• [Source information]:
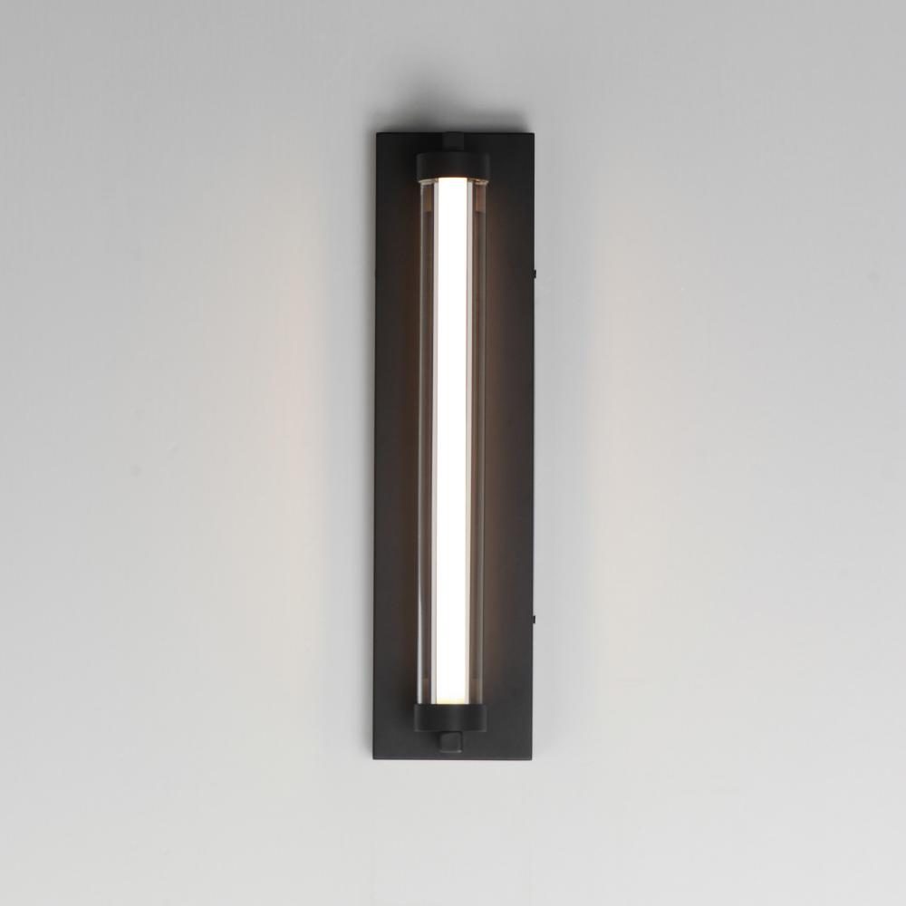 Within a solid tube of Clear glass, a White cylindrical acrylic tube encases omnidirectional LED light. Its frame is constructed of aluminum finished in Matte Black and extends less than 4 inches from the wall for ADA compliance making this collection suit
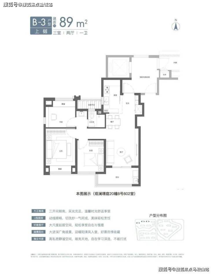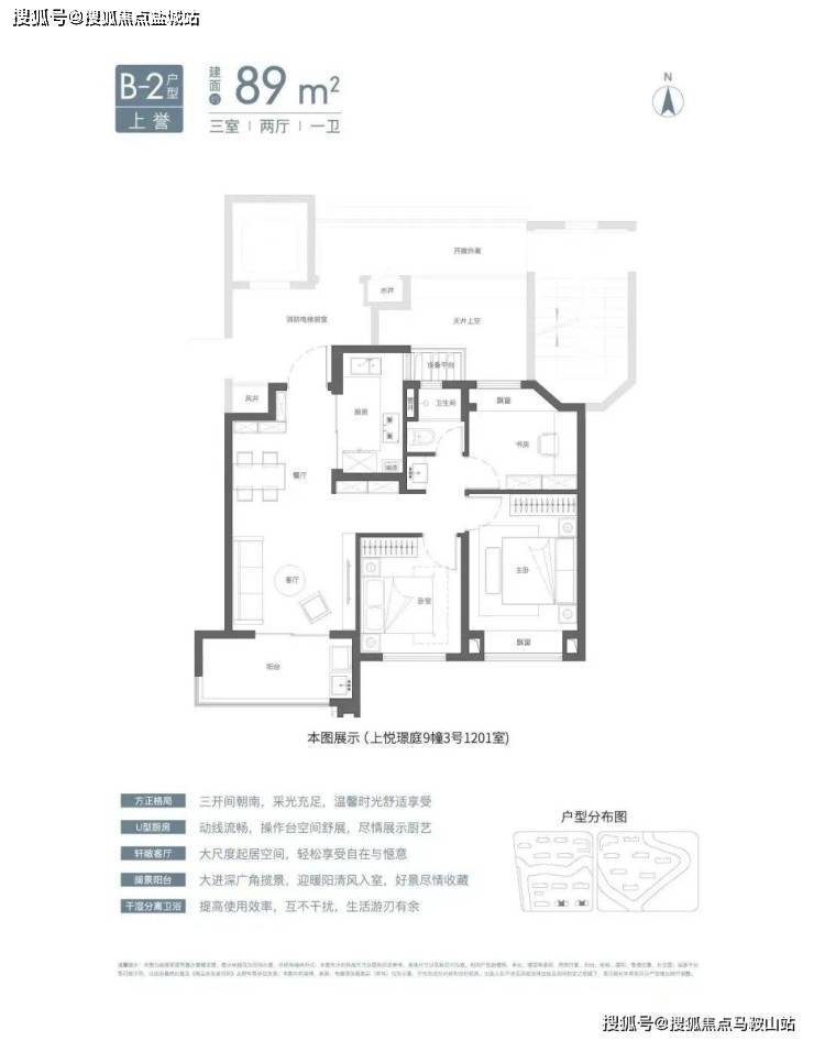 尺度震撼:宽厅面宽约5.5米,3.5开间面宽共约11.5米,再加上约8㎡的阳台,使得整个家庭的公共区域尺度感十足、功能也更加灵活多变。全屋六飘窗:大大延展了使用空间。三卧空间相对均衡:能更好满足各家庭成员空间使用需求。
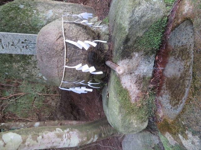 正面に拝殿、そしてその奥にあるのが球状の石で、そこから水が湧き出ています。
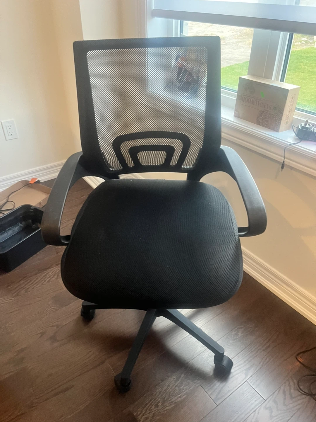 Buy & SellBlack Office ChairBlack Office Chair$36Selling a black office chair in good condition. It has a mesh back and a comfortable seat. Perfect for your home office!ConditionGoodWHERE TO MEETCheck LocationView MapSELLERNveyLamoureaux100 reviews1 chats·3 favorites·27 viewsSEND CHAT TO SELLERHi Nvey! I’m interested in your listing.Hi Nvey! I’m interested in your listing.Get the Karrot app to chatSign In to chat
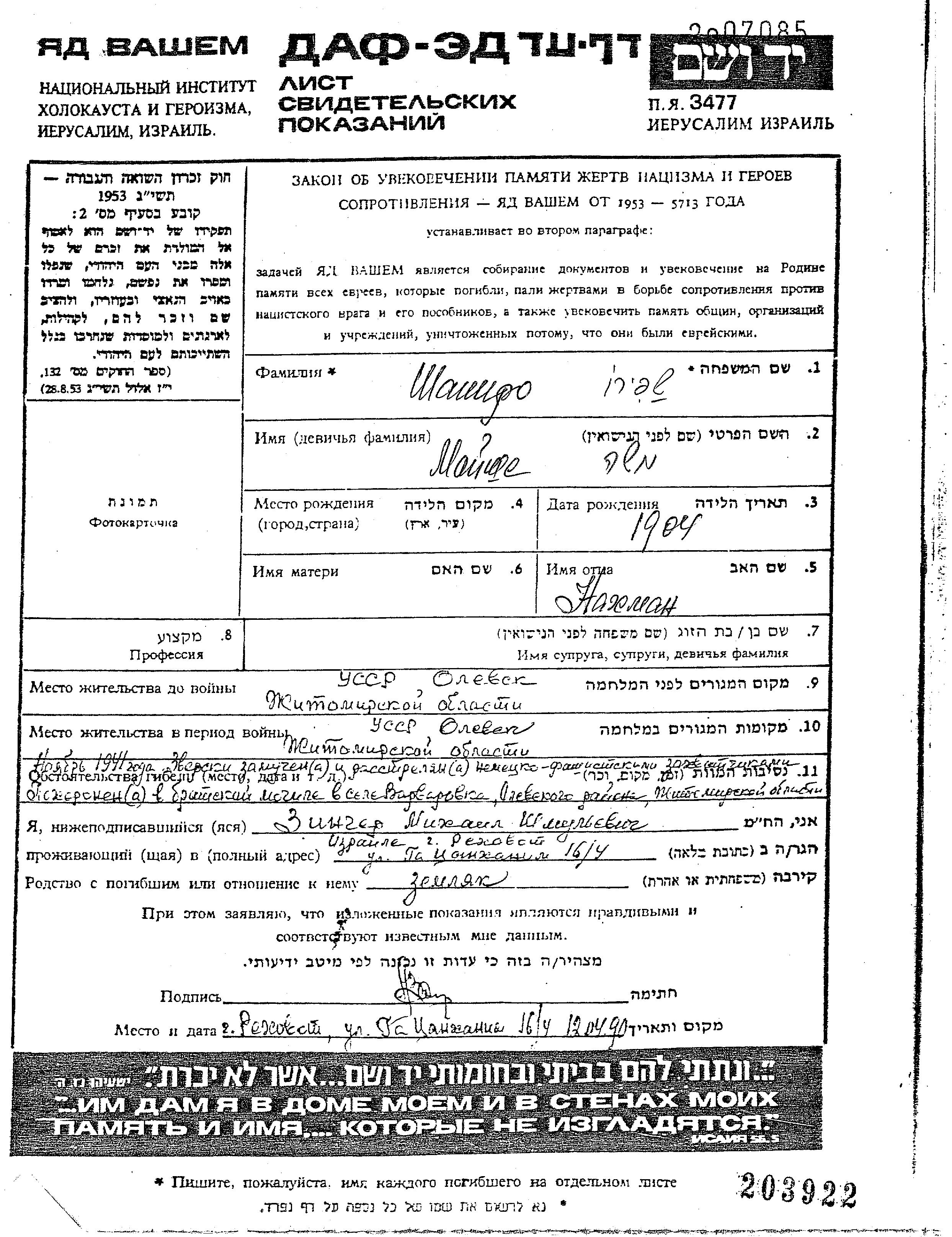Shapiro | Moishe | 1904 | Olevsk, Ukraine (USSR) | Page of Testimony |
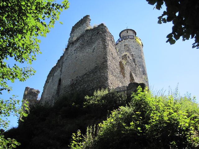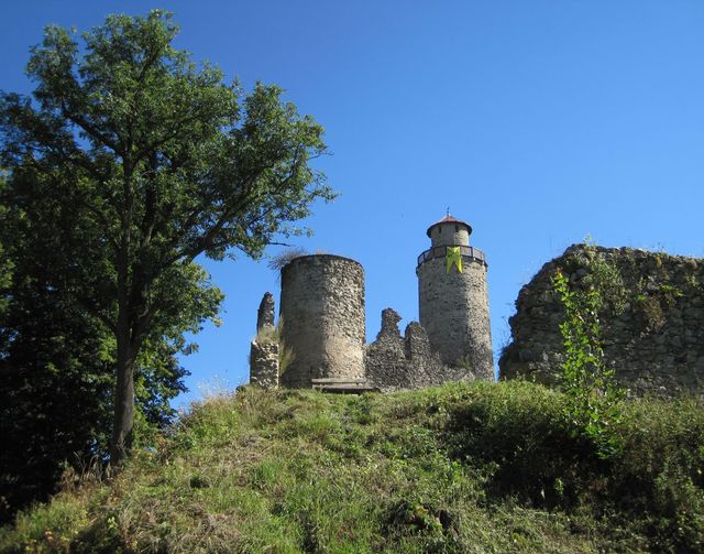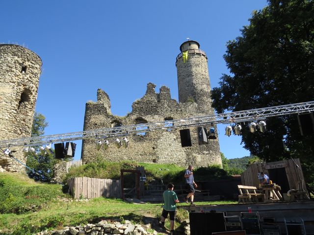 Jako každý hrad, má i tento svoji pověst: v roce 1434 dobyl hrad husitský vůdce Jakoubek z Vřesovic, po bitvě u Lipan přešel od husitů na stranu císaře Zikmunda, a proto za trest nenašel po smrti klidu – bloudí hradem a na čele má znamení černého kalicha… Žádné strašidlo jsme nenatrefili, i když příležitost se naskytla – na nádvoří bylo dost živo, protože se chystala scéna pro muzikál, který se měl v areálu večer hrát, a přítomné děti, zpovykané prázdninovou volností, pobíhaly bez dozoru – jednomu z nich přišlo velmi zábavné zhasnout dole u vstupu osvětlení strmého schodiště ve věži, z jejíhož ochozu jsme vyhlíželi. 🙂 Chvíli trvalo, nežli jsme se z té výšky dovolali na nádvoří – sestoupit po tmě by byl i bez setkání s proradným husitou hazard. 🙂
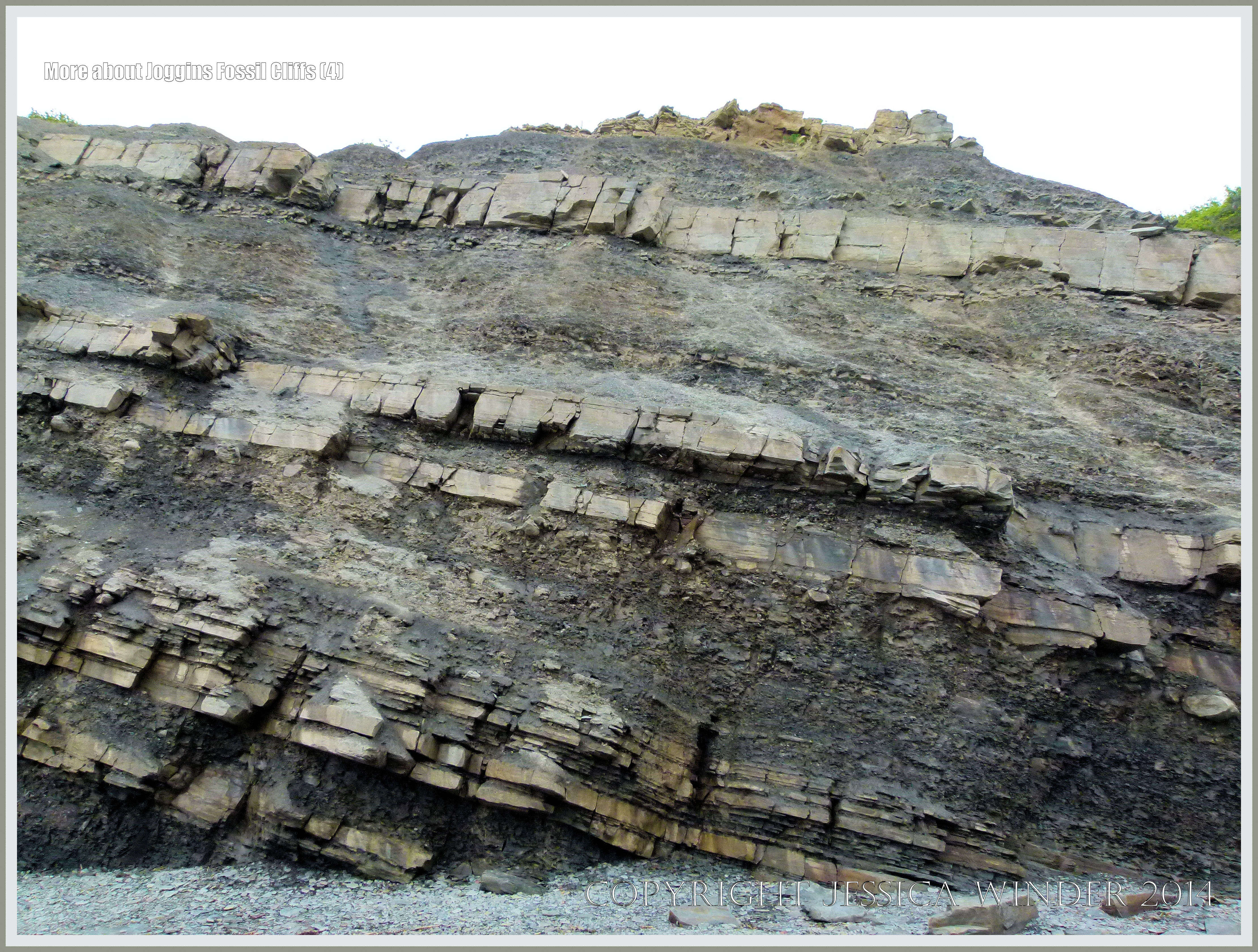 More about Joggins Fossil Cliffs 4 – Rock strata inclined at an angle of about 20 degrees at Joggins Fossil Cliffs in Nova Scotia, Canada.
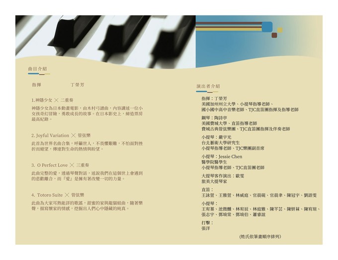小提琴:王宥蓁、池微醺、李和融、林宥辰、林庭雅、陳芊芸、陳妍菻、陳宥瑄、張志宇、鄧堉棠、鄧堉柏、蕭睿誼
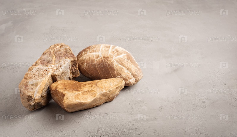Подиум из камней для демонстрации товара или товара. Серый бетонный фон. Копировать пространство
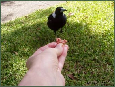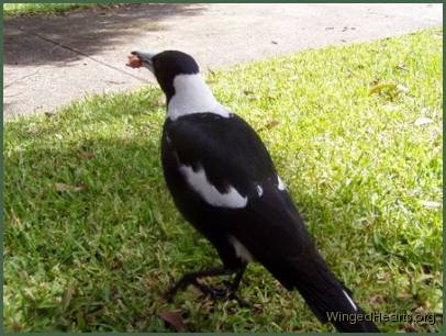 Here are some photos of my Maggie, I don’t know whether it’s a boy or a girl, but it’s very tame as it eats out of my hand. When it’s had enough mince, it gathers a big ball of mince up & runs across the yard to hide the ball for later on….just in case it gets hungry I guess!
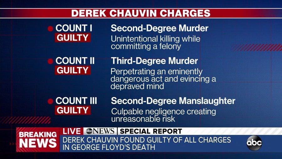 Yesterday, Derek Chauvin was convicted on all three counts.
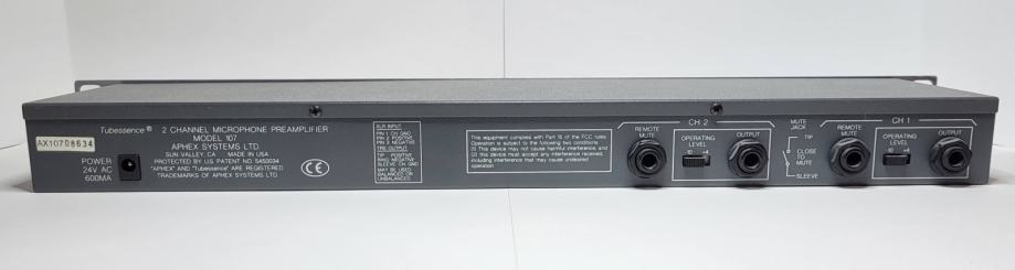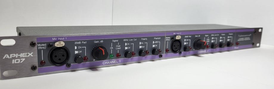 Na voljo je odlično ohranjen predojačevalec Aphex 107 Tubessence, ki je znan po svoji toplini in čisti cevni obdelavi zvoka. Idealna rešitev za katerokoli domače ali profesionalno snemalno okolje, ki potrebuje visoko kakovostno zvočno obdelavo.
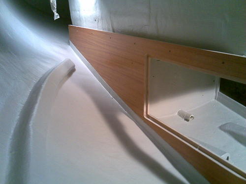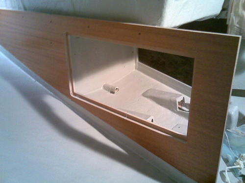 iag så  är planen att sättta nav modulen på plats. så jag  fick börja med sätta upp en list på skottet  där en inre hylla i naven måste få sitt stöd. plus att jag måste fortsätta med täckskott. på nav modulen sitter en bit täck skott men det täcker ju långt ifårn allt, ses  på dom bilderna längre upp.  så jag brukar göra mallar i papp kartong och malla av med passare  sen lägga upp och rita på en 7mm täck skott  marin plywood  knivskuren lackad  4lager med  2komponet lack glas 25 . hela inredningen är lackad på så vis.

• [Task directions]:
The answer must be the listing above, restated word for word, with no images in it.

• [Response box]:
 Within a solid tube of Clear glass, a White cylindrical acrylic tube encases omnidirectional LED light. Its frame is constructed of aluminum finished in Matte Black and extends less than 4 inches from the wall for ADA compliance making this collection suit
 尺度震撼:宽厅面宽约5.5米,3.5开间面宽共约11.5米,再加上约8㎡的阳台,使得整个家庭的公共区域尺度感十足、功能也更加灵活多变。全屋六飘窗:大大延展了使用空间。三卧空间相对均衡:能更好满足各家庭成员空间使用需求。
 正面に拝殿、そしてその奥にあるのが球状の石で、そこから水が湧き出ています。
 Buy & SellBlack Office ChairBlack Office Chair$36Selling a black office chair in good condition. It has a mesh back and a comfortable seat. Perfect for your home office!ConditionGoodWHERE TO MEETCheck LocationView MapSELLERNveyLamoureaux100 reviews1 chats·3 favorites·27 viewsSEND CHAT TO SELLERHi Nvey! I’m interested in your listing.Hi Nvey! I’m interested in your listing.Get the Karrot app to chatSign In to chat
Shapiro | Moishe | 1904 | Olevsk, Ukraine (USSR) | Page of Testimony |
 Jako každý hrad, má i tento svoji pověst: v roce 1434 dobyl hrad husitský vůdce Jakoubek z Vřesovic, po bitvě u Lipan přešel od husitů na stranu císaře Zikmunda, a proto za trest nenašel po smrti klidu – bloudí hradem a na čele má znamení černého kalicha… Žádné strašidlo jsme nenatrefili, i když příležitost se naskytla – na nádvoří bylo dost živo, protože se chystala scéna pro muzikál, který se měl v areálu večer hrát, a přítomné děti, zpovykané prázdninovou volností, pobíhaly bez dozoru – jednomu z nich přišlo velmi zábavné zhasnout dole u vstupu osvětlení strmého schodiště ve věži, z jejíhož ochozu jsme vyhlíželi. 🙂 Chvíli trvalo, nežli jsme se z té výšky dovolali na nádvoří – sestoupit po tmě by byl i bez setkání s proradným husitou hazard. 🙂
 More about Joggins Fossil Cliffs 4 – Rock strata inclined at an angle of about 20 degrees at Joggins Fossil Cliffs in Nova Scotia, Canada.
小提琴:王宥蓁、池微醺、李和融、林宥辰、林庭雅、陳芊芸、陳妍菻、陳宥瑄、張志宇、鄧堉棠、鄧堉柏、蕭睿誼
Подиум из камней для демонстрации товара или товара. Серый бетонный фон. Копировать пространство
 Here are some photos of my Maggie, I don’t know whether it’s a boy or a girl, but it’s very tame as it eats out of my hand. When it’s had enough mince, it gathers a big ball of mince up & runs across the yard to hide the ball for later on….just in case it gets hungry I guess!
 Yesterday, Derek Chauvin was convicted on all three counts.
 Na voljo je odlično ohranjen predojačevalec Aphex 107 Tubessence, ki je znan po svoji toplini in čisti cevni obdelavi zvoka. Idealna rešitev za katerokoli domače ali profesionalno snemalno okolje, ki potrebuje visoko kakovostno zvočno obdelavo.
 iag så  är planen att sättta nav modulen på plats. så jag  fick börja med sätta upp en list på skottet  där en inre hylla i naven måste få sitt stöd. plus att jag måste fortsätta med täckskott. på nav modulen sitter en bit täck skott men det täcker ju långt ifårn allt, ses  på dom bilderna längre upp.  så jag brukar göra mallar i papp kartong och malla av med passare  sen lägga upp och rita på en 7mm täck skott  marin plywood  knivskuren lackad  4lager med  2komponet lack glas 25 . hela inredningen är lackad på så vis.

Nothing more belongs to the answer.